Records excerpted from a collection
⟨

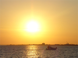 Sonnenuntergang an und gehen ein wenig an der Strandpromenade spazieren.
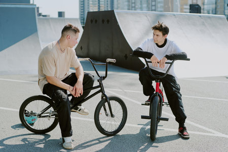 Two Caucasian teenagers sitting on BMX bikes talking at outdoor skatepark, both wearing casual clothing, urban background with ramps and buildings visible in distance
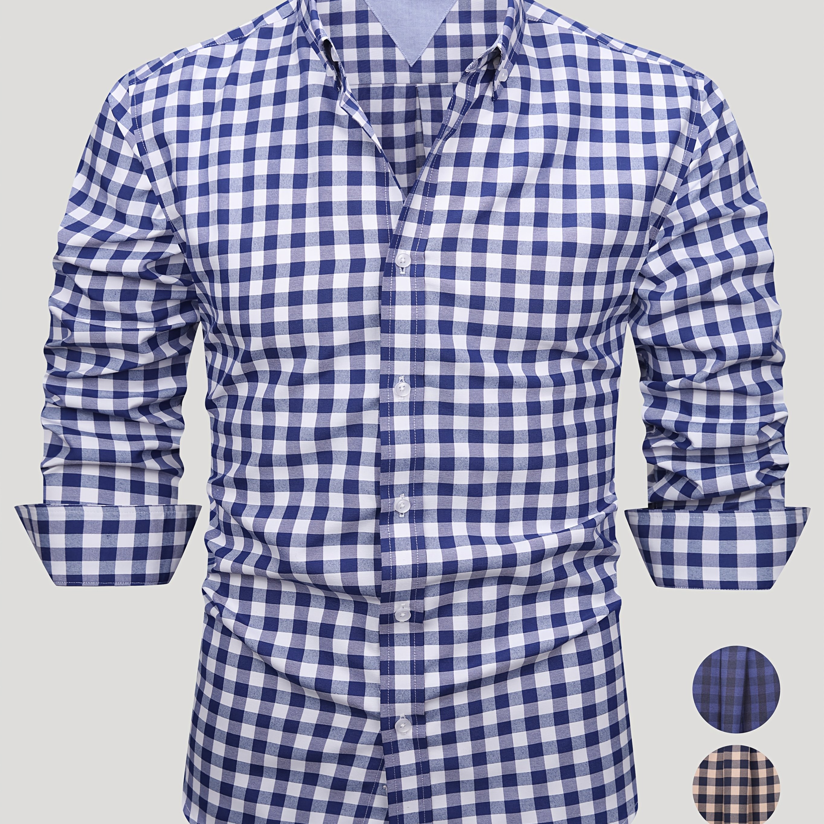 TEMU 남성용 긴팔 패션 체크 캐주얼 셔츠, 100% 폴리에스터 소재, 데일리 아웃팅, 비즈니스 이벤트, 휴가 활동, 데이트 복장에 적합
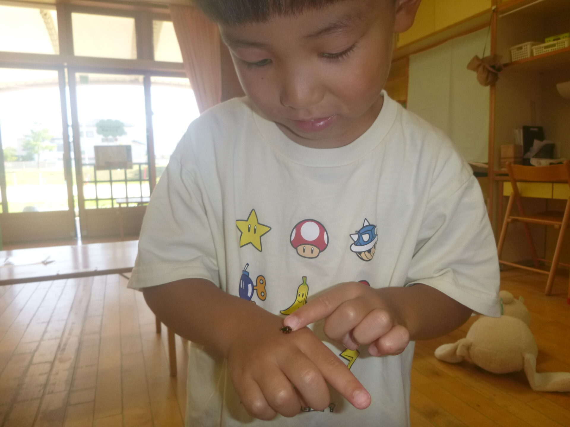 帰りの時間も「かわいい〜」とテントウムシと一緒に遊ぶ子どもたちでした。
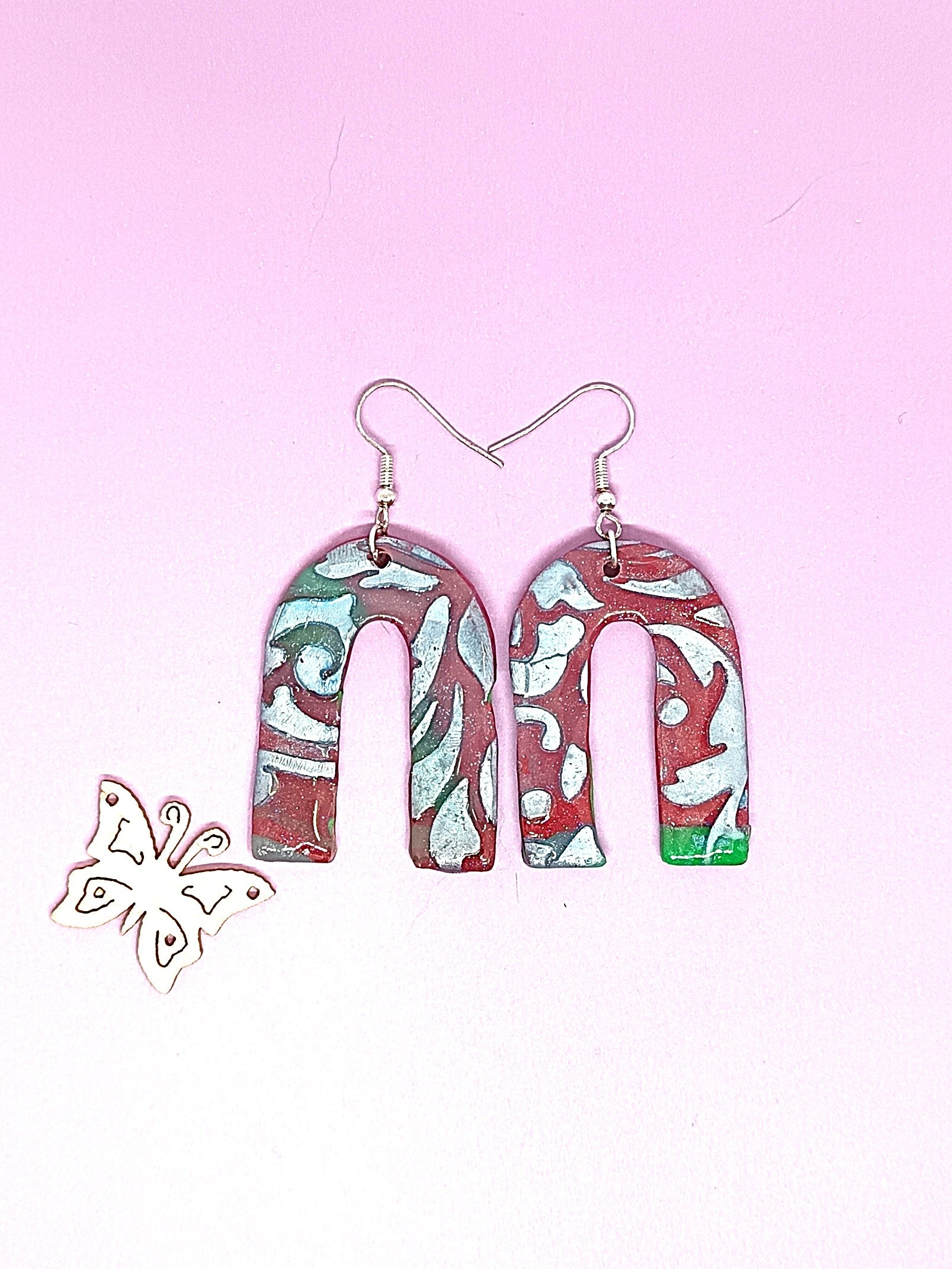 Korvakorut on FIMO Soft polymeerimassaa, joka on päällystetty UV RESINILLÄ.  Etupuolella kuviointia. Korussa hopeoitu koukku. Nikkelitön ja allergiatestattu. Tuotteella ilmainen toimitus.

⟩

Return the data word for word without its pictures.

• SOLUTION TO THE PROBLEM
 Sonnenuntergang an und gehen ein wenig an der Strandpromenade spazieren.
 Two Caucasian teenagers sitting on BMX bikes talking at outdoor skatepark, both wearing casual clothing, urban background with ramps and buildings visible in distance
 TEMU 남성용 긴팔 패션 체크 캐주얼 셔츠, 100% 폴리에스터 소재, 데일리 아웃팅, 비즈니스 이벤트, 휴가 활동, 데이트 복장에 적합
 帰りの時間も「かわいい〜」とテントウムシと一緒に遊ぶ子どもたちでした。
 Korvakorut on FIMO Soft polymeerimassaa, joka on päällystetty UV RESINILLÄ.  Etupuolella kuviointia. Korussa hopeoitu koukku. Nikkelitön ja allergiatestattu. Tuotteella ilmainen toimitus.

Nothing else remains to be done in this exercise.